Assignment: Repeat the stretch of entries below from the line with "Built in 2014" through the line with "The first part". Include both ends and add nothing.

Extracted data:
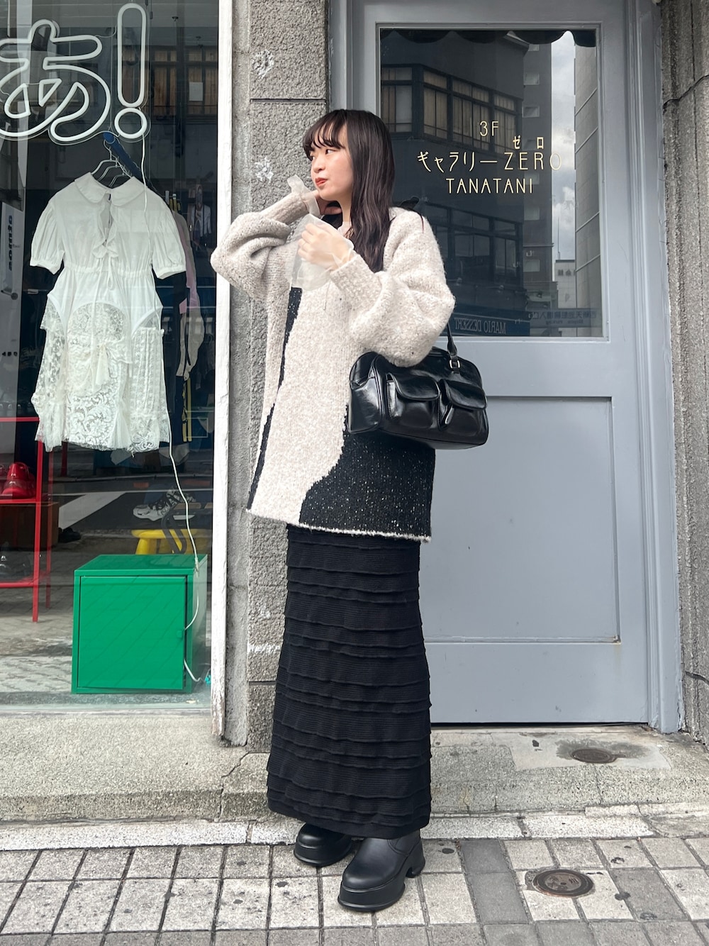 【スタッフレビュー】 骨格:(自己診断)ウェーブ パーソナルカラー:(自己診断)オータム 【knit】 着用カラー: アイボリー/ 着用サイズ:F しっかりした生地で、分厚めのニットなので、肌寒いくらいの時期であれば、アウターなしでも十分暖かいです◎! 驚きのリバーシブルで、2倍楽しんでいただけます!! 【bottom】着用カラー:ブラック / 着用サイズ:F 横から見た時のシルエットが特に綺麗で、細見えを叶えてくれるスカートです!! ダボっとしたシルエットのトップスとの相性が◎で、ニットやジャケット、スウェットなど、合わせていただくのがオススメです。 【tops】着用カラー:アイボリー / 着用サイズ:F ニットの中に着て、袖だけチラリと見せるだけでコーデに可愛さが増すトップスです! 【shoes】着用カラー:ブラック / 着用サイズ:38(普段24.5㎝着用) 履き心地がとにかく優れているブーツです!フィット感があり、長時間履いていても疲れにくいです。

* * *

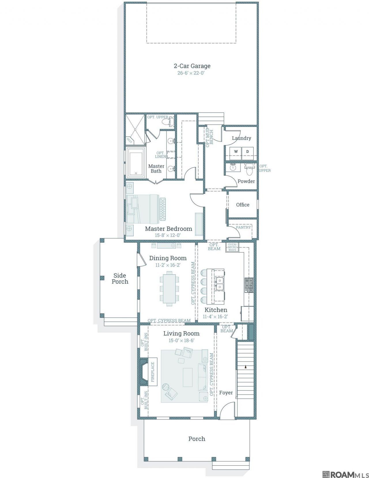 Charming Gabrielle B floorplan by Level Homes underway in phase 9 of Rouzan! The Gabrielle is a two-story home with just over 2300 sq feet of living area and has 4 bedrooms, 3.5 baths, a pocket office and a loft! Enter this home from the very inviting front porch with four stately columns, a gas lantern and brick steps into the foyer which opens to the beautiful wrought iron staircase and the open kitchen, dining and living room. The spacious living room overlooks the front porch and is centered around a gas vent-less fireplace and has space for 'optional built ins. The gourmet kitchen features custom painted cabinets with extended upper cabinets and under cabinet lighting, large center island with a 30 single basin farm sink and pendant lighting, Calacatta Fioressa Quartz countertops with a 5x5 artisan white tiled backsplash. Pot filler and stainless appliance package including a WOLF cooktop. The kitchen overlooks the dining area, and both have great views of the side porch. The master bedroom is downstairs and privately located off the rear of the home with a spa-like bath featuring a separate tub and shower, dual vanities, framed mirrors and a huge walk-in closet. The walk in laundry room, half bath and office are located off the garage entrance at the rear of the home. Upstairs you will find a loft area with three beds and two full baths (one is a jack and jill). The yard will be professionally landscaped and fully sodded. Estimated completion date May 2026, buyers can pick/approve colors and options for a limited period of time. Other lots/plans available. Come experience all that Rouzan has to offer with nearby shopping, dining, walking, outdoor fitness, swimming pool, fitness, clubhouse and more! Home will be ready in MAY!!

--

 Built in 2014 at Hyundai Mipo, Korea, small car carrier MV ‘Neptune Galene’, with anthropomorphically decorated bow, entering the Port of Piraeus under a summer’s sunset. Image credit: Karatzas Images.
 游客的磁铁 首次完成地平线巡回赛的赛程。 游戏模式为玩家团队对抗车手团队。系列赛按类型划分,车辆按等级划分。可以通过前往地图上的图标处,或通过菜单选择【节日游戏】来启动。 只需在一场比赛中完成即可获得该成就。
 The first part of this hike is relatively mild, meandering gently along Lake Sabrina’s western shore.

Output for this exercise:
 Built in 2014 at Hyundai Mipo, Korea, small car carrier MV ‘Neptune Galene’, with anthropomorphically decorated bow, entering the Port of Piraeus under a summer’s sunset. Image credit: Karatzas Images.
 游客的磁铁 首次完成地平线巡回赛的赛程。 游戏模式为玩家团队对抗车手团队。系列赛按类型划分,车辆按等级划分。可以通过前往地图上的图标处,或通过菜单选择【节日游戏】来启动。 只需在一场比赛中完成即可获得该成就。
 The first part of this hike is relatively mild, meandering gently along Lake Sabrina’s western shore.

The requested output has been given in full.